* **Task objective**:
What you return must be an exact copy of the lines in the listing below between the line holding "Ceramic Dolphin Necklace" and the line holding "De Kingham à", inclusive, and nothing more.

* **Dataset content**:
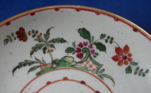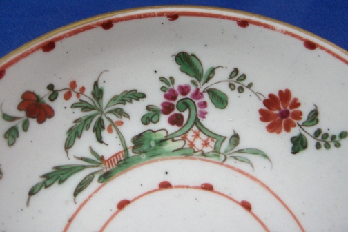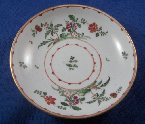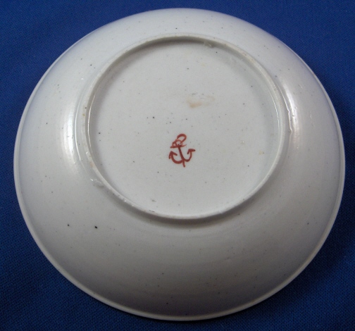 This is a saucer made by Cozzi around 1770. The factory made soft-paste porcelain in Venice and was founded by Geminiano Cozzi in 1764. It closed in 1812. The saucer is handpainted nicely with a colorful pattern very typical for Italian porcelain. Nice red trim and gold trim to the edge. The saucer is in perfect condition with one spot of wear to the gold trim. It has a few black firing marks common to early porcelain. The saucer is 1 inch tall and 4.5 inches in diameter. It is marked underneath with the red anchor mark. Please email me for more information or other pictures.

==

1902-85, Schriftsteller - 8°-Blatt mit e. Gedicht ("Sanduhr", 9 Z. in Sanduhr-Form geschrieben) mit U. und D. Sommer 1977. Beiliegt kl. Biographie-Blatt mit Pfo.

* * *

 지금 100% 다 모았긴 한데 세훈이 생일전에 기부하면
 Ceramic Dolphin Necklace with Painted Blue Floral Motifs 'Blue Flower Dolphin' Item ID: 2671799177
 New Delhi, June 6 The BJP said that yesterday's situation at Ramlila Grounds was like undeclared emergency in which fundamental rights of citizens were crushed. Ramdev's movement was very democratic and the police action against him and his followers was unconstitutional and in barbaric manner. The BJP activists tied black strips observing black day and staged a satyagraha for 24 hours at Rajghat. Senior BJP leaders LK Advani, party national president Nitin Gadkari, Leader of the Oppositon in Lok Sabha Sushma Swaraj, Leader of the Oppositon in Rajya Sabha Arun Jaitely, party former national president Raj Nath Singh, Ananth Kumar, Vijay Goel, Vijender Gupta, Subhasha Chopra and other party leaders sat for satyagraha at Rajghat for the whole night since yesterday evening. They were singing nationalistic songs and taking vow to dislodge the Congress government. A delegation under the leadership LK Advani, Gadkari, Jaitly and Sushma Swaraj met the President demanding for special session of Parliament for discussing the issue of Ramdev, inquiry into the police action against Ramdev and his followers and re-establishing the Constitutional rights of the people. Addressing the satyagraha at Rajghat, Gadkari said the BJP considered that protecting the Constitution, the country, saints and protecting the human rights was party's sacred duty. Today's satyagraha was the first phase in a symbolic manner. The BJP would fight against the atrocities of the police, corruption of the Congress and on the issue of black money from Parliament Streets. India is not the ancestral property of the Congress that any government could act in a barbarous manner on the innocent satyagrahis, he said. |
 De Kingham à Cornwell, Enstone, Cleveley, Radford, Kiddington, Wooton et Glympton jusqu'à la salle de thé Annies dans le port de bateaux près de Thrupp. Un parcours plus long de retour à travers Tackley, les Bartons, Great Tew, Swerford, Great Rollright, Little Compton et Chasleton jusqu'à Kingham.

* **Output of the exercise**:
 Ceramic Dolphin Necklace with Painted Blue Floral Motifs 'Blue Flower Dolphin' Item ID: 2671799177
 New Delhi, June 6 The BJP said that yesterday's situation at Ramlila Grounds was like undeclared emergency in which fundamental rights of citizens were crushed. Ramdev's movement was very democratic and the police action against him and his followers was unconstitutional and in barbaric manner. The BJP activists tied black strips observing black day and staged a satyagraha for 24 hours at Rajghat. Senior BJP leaders LK Advani, party national president Nitin Gadkari, Leader of the Oppositon in Lok Sabha Sushma Swaraj, Leader of the Oppositon in Rajya Sabha Arun Jaitely, party former national president Raj Nath Singh, Ananth Kumar, Vijay Goel, Vijender Gupta, Subhasha Chopra and other party leaders sat for satyagraha at Rajghat for the whole night since yesterday evening. They were singing nationalistic songs and taking vow to dislodge the Congress government. A delegation under the leadership LK Advani, Gadkari, Jaitly and Sushma Swaraj met the President demanding for special session of Parliament for discussing the issue of Ramdev, inquiry into the police action against Ramdev and his followers and re-establishing the Constitutional rights of the people. Addressing the satyagraha at Rajghat, Gadkari said the BJP considered that protecting the Constitution, the country, saints and protecting the human rights was party's sacred duty. Today's satyagraha was the first phase in a symbolic manner. The BJP would fight against the atrocities of the police, corruption of the Congress and on the issue of black money from Parliament Streets. India is not the ancestral property of the Congress that any government could act in a barbarous manner on the innocent satyagrahis, he said. |
 De Kingham à Cornwell, Enstone, Cleveley, Radford, Kiddington, Wooton et Glympton jusqu'à la salle de thé Annies dans le port de bateaux près de Thrupp. Un parcours plus long de retour à travers Tackley, les Bartons, Great Tew, Swerford, Great Rollright, Little Compton et Chasleton jusqu'à Kingham.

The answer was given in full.